In Graz a few days later we narrowly escape another off-duty accident. A Glider Club had begged me to tow their glider with an ancient Czech biplane because they had no one else to pilot it. I do this and, being a private flight, it is an opportunity for me to take with me my wife who is very keen to fly. After 21/2 hours I ask how much petrol we are likely to have left; the petrol gauge does not show this. They tell me the machine has enough for four hours; I can carry on flying without the least anxiety. I accept this assurance and fly back towards the aerodrome. As we are flying at low level above the middle of a potato field the engine conks out. I have only time to yell out: “Hold tight,” for I know that my wife is not strapped in, before I come down in the furrows. The aeroplane bounces over a ditch and then comes safely to a standstill in a cornfield. We fetch some petrol and then I take off again from a field path for the aerodrome two miles away.

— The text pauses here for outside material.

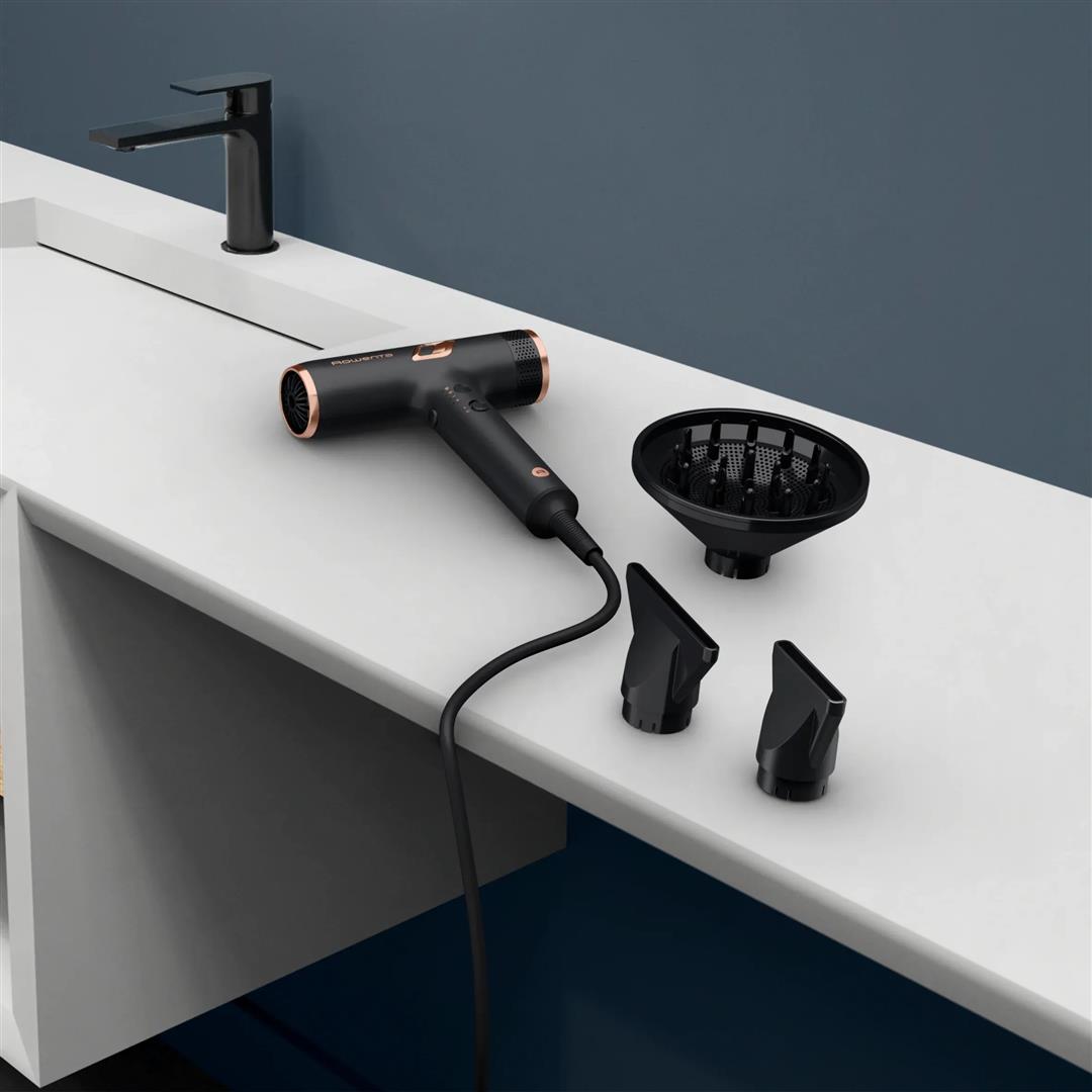 Компактний та ефективний Потужний та компактний фен Rowenta Maestria Nano підходить для швидкої та точної сушки волосся. Технологія Nano Завдяки технології Nano, потужність двигуна забезпечує швидкість повітряного потоку до 266 км/год, що дозволяє ефективно укладати волосся, уникаючи перегріву. Легка вага Фен важить лише 300 г, що робить його ідеальним для подорожей і тривалого використання без втоми. Насадки на будь-який випадок У комплекті передбачено насадки-концентратори (4 мм і 6 мм) та дифузор для створення об’єму і чітких локонів.

How many of my colleagues, especially in the Luftwaffe, come through battles with the enemy unscathed only to crack up in some utterly stupid “civilian” accident This trivial incident once again confirms the necessity for the apparently silly rule by which we are obliged to be at least as careful when we have left the operational front as we are in the keenest attack. Similarly when in action with the enemy we are not allowed to accept unnecessary risks even if we are not inhibited or deterred by the thought of our lives during an operation.

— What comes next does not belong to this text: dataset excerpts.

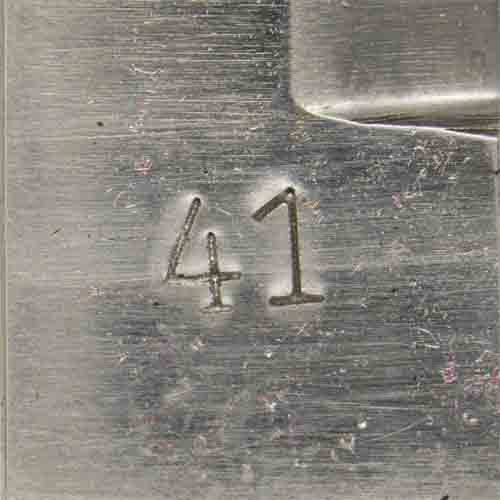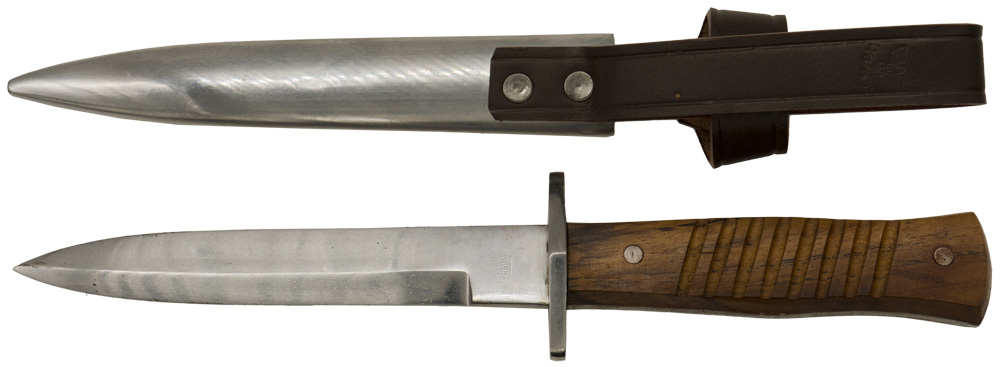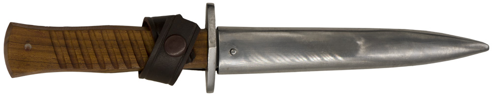 The replica knife features a roughly, 14cm long, non-fullered, blade with a long top swedge. The blade is "Soligen" and "41" marked. The knife has a small, integral, horizontally oval, steel cross guard and nicely contoured, carved, natural softwood grips. The grip are secured to the blade tang by two small, flat headed, steel rivets. The knife comes complete with a unpainted sheet metal scabbard with integral leather frog that has a "Waffen amt" stamped to it. The blade has been oiled.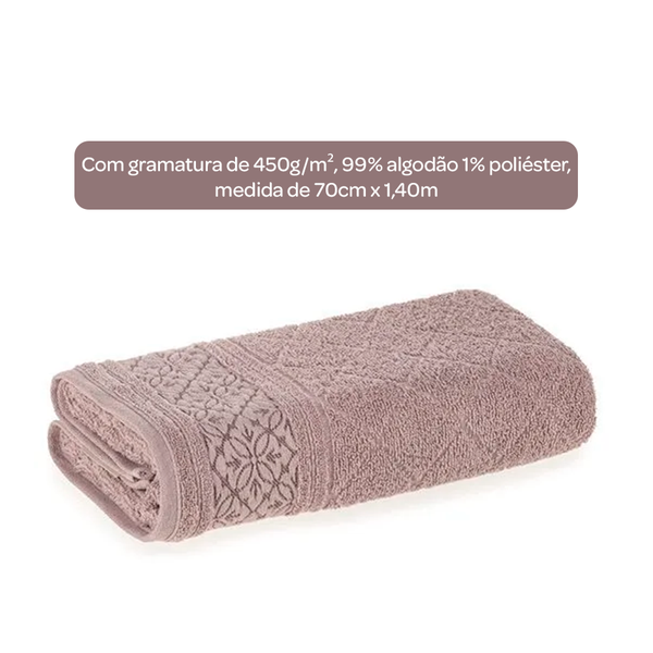 Medindo 70cm x 1,40m, essa toalha é confeccionada com 99% algodão em fio penteado e 1% poliéster, oferecendo toque delicado, resistência e sofisticação.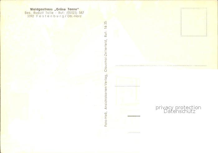 72420758 Festenburg Clausthal-Zellerfeld Waldgasthaus Gruene Tanne postalisch nicht gelaufen Erhaltung siehe scans KatCode: 11110003153004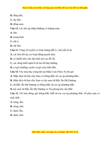 A. các khu khí áp cao ho t ạ đ ng quanh năm ộ . B. có nhi u khu v ề c đ ự ịa hình núi cao đồ s . ộ C. các dòng bi n l ể nh ạ ở c hai ả bờ đ i ạ dư ng. ơ D. có gió thư ng ờ xuyên và gió mùa th i ổ đ n. ế Câu 14. Vào mùa h , ạ trung tâm áp th p I ấ -ran (Nam Á) hút gió A. M u d ậ ịch t bán c ừ ầu Nam và Đông B c ắ t cao áp ph ừ ư ng ơ B c. ắ B. M u ậ dịch t bán c ừ u N ầ am và tây nam t B ừ c ắ n Đ Ấ D ộ ư ng. ơ C. t B ừ c ắ n Ấ Đ D ộ ư ng và ơ Đông B c ắ t cao áp ph ừ ư ng ơ B c. ắ D. tây nam từ B c ắ n Đ Ấ D ộ ư ng ơ và Tín phong bán c u B ầ c. ắ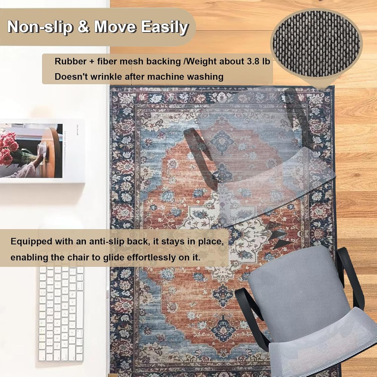 Free eBay listing template designed by dewiso.com Office Chair Mat for Hardwood Floor, 36x48 inches Heavy Duty Desk Chair Mat for Hard Wood, Non-Slip Tile Floors Protector for Computer Chairs FREE AND FAST SHIPPING! About this item Protect Your Hard Floors: This chair mat is tailor - made for office and computer chairs. It serves as a reliable protector, shielding your floors from scratches and wear. Whether you have a hardwood floor, tile or laminate in your office, this versatile chair mat has got you covered. Non-Slip Rubber Backing: This hard - floor office chair mat comes with an anti - slip back. It firmly stays in place, preventing any unwanted sliding and ensuring stability as you work. Moreover, its reticulated bottom cuts down on the noise when the chair rollers move across it. Easy to Clean: Cleaning your office chair mat is a breeze. Simply wipe with a cloth or use a vacuum cleaner to remove any dust or debris. For deeper cleaning, machine - wash the desk chair mat to keep it looking great. Durability: Beyond its stylish pattern, the upper layer is crafted from highly wear - resistant materials. It endures daily roller wear and tear, maintaining structure and function, making it perfect for long - lasting floor protection. Ideal if you want to protect your office floor without constant replacements. Purchase with Peace of Mind: The office chair mat has a woven polyester surface and a phthalate - free TPR rubber backing, creating a healthy indoor space. The chair mat are not only safe for use but also eco - friendly, as they're made from recyclable materials. If you're not satisfied with your chair mat, reach out to us directly, even past the Ebay return period. Product We offer a 30-Day Return Policy on items which you are not completely satisfied with. You have the option for a full-refund or an exchange of the item. No returns are available on items shipped outside of the US . Shipping We offer Free Shipping to the US and ship within 2 business days of payment, usually sooner. We use UPS express shipping. That's why your products are usually delivered within 3 days . Contact We try our very best to make sure every customer is completely satisfied. If there's a problem , message us! We're happy to help. 24/7 live chat available.

When I land again on the aerodrome with the ancient biplane I learn that the reserve flight of another squadron has been transferred to Russia. In that case it should soon be our turn. For a long time it has been preying on my mind that I have been home now for several months, and all of a sudden I realize how I have been fidgeting to get to the front. I constantly fret at being kept out of it for so long, and I feel this restlessness particularly strongly when I sense that too long an absence from the front line might well be dangerous to me. For I am only human, and there are many instincts in me which would gleefully exchange the intimate fellowship of death for the more intimate fellowship of life. For I want to live, the desire is stronger every time—I feel it in the throbbing of my pulses whenever I escape death once again in an attack, but I am also conscious of it in the exhilaration of a head-long rush down a steep Alpine slope. I want to live. I love life. I feel it in every deep drawn breath, in every pore of my skin, in every fiber of my body. I am not afraid of death; I have often looked him in the eye for a matter of seconds and have never been the first to lower my gaze, but each time after such an encounter I have also rejoiced in my heart and sometimes cried out with a whoop of jubilation trying to overshout the roar of the engines.